Колтон вновь поклонился и вышел из комнаты, так до конца и не разгибая спины. Рауль бросил на меня короткий взгляд. Губы его были сжаты, брови нахмурены, на лбу пролегли борозды морщин. Задумавшись, он пересёк комнату и снова остановился у окна. Я следила за принцем взглядом, не торопясь нарушать молчание.

— А ведь я сам виноват, — с грустной усмешкой произнёс он, поворачиваясь к окну спиной. — Не далее как вчера подумал, что моё правление начинается с чрезмерного числа казней. Будет мне урок — впредь бояться своих желаний.

— У тебя мания величия, — возразила я. — Не думаю, чтобы твоя мысль была настолько материальна. К тому же Отилия по-прежнему в тюрьме.

— Как раз если бы сбежала Отилия, это мало бы меня волновало, — отозвался Рауль, меряя шагами комнату. — Теперь, когда она разоблачена и вход во дворец для неё закрыт, угрозы она практически не представляет. Вилстон — совсем другое дело. Его нельзя оставлять на свободе. Дьявол, почему я не поторопился с казнью? Хотел дождаться коронации, чтобы мои полномочия в этом вопросе не подлежали сомнению.

— Сейчас поздно раздумывать, что следовало сделать по-другому. Ты же слышал: скорее всего Вилстон не успел выбраться из города. Значит, арестовать его во второй раз — это только дело времени. Если повезёт, к утру он снова будет здесь.

— Звучит так, будто я горю желанием его видеть, — хмыкнул Рауль. — Ладно, в любом случае надо ложиться спать. Завтра мне понадобится свежая голова.
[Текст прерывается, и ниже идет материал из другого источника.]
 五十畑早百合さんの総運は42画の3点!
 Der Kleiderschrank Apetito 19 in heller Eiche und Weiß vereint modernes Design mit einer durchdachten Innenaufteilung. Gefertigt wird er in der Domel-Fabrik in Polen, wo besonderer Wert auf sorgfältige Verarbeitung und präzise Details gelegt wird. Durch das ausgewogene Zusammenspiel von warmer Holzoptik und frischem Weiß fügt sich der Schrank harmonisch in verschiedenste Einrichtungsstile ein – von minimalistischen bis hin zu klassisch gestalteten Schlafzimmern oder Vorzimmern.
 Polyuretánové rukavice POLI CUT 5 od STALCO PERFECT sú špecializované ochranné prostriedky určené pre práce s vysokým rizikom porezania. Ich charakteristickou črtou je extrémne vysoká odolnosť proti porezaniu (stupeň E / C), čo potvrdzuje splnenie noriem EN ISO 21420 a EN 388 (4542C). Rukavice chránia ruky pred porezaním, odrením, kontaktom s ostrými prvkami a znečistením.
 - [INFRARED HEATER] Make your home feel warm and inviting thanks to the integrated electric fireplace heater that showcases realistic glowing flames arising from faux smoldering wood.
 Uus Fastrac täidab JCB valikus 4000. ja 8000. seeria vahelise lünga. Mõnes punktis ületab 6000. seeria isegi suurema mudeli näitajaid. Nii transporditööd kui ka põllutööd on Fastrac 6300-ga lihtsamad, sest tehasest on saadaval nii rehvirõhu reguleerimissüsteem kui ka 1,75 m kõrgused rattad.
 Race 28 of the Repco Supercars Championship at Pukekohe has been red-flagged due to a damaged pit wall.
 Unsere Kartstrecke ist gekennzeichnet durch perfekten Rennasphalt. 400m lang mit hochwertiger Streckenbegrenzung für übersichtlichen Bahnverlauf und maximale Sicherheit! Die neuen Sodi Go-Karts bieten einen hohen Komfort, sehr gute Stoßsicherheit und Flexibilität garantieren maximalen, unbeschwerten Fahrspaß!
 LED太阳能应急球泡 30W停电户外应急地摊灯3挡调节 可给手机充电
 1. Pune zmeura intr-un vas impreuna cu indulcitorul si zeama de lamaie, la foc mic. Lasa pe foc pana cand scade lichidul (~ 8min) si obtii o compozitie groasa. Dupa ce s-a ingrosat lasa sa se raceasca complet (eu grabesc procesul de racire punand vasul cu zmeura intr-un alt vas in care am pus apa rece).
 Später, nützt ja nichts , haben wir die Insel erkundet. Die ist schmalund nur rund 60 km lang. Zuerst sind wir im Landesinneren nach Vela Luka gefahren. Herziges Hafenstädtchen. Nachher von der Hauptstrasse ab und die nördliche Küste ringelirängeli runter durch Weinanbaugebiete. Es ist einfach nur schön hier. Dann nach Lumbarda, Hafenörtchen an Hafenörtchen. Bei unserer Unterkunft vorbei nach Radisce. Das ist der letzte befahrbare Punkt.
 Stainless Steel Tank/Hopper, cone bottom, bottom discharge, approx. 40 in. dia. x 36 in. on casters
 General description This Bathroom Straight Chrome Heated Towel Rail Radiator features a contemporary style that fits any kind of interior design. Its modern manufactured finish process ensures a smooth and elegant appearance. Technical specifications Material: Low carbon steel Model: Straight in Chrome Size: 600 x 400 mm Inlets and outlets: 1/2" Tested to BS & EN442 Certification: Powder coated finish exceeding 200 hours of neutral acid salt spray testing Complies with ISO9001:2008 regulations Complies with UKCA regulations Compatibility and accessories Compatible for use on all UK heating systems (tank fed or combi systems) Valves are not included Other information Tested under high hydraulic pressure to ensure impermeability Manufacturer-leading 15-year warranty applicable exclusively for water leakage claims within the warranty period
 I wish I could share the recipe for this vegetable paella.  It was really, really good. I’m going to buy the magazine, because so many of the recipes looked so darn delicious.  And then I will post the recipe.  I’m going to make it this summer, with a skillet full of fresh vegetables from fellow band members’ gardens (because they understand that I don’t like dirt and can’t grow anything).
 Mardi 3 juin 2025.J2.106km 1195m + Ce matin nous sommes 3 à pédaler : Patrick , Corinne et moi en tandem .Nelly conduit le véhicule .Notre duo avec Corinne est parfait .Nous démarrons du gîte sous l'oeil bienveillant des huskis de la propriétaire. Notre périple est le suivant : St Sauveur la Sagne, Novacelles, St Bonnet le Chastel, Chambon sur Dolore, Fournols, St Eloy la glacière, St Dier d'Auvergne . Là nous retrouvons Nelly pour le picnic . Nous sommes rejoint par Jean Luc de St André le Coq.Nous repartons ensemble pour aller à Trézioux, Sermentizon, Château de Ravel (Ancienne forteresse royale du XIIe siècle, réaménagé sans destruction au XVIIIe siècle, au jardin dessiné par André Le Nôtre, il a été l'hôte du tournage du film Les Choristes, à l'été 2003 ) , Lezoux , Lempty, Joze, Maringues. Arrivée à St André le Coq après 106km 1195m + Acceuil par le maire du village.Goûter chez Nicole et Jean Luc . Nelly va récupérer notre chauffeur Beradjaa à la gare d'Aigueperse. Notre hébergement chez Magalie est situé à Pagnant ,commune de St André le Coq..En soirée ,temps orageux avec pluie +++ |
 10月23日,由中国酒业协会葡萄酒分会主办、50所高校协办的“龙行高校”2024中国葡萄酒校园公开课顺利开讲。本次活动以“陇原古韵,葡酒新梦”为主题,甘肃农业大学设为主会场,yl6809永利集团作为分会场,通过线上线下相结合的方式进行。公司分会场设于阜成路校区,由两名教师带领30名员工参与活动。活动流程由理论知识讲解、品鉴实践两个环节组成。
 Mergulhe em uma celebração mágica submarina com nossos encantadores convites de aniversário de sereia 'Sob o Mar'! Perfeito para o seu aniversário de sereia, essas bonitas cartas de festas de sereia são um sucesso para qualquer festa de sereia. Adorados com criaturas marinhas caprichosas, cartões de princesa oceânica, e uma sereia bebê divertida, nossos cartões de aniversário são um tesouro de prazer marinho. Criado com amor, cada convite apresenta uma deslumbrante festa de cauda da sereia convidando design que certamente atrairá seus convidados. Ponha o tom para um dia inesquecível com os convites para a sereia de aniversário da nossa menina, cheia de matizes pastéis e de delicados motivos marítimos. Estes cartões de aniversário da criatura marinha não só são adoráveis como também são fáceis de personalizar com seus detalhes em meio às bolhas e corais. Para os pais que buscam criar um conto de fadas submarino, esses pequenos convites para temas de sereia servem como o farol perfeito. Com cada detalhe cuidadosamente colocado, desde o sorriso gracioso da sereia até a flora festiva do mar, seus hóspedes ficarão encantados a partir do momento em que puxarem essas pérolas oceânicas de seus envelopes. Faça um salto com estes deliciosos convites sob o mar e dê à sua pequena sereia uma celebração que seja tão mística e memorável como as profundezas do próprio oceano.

Признаться, я думала, что первое время он будет лежать без сна — настолько взбудоражила его эта новость. Но принц заснул почти сразу, едва его голова коснулась подушки. Тот, кто научился спать, ожидая прихода наёмного убийцы, сумеет уснуть при любых обстоятельствах.

 

Наутро Рауль не захотел разделить трапезу со своими родственниками. Поэтому мы завтракали вдвоём в соседней со спальней комнате, специально обустроенной для этой цели. Начальник стражи уже успел предоставить принцу отчёт о проделанной работе, итоги которого, впрочем, не слишком отличались от того, что уже было известно ночью. Завтрак проходил в атмосфере тяжёлого молчания. Слышно было, как тикают часы, как звенит блюдце в момент, когда на него опускается чашка, как льётся в бокал жидкость из услужливо наклонённого лакеем графина.

Шум на входе заставил лакея поспешить ко двери. Вскоре он возвратился к нам и, склонившись перед принцем, произнёс:

— Ваше Высочество, господин Хоулман просит уделить ему несколько минут. Прикажете пустить?

— Пусть входит, раз пришёл, — не без раздражения ответил Рауль, откладывая вилку в сторону откидываясь на спинку стула. — С цепи они все, что ли, сегодня сорвались? — простонал он, когда лакей удалился из комнаты.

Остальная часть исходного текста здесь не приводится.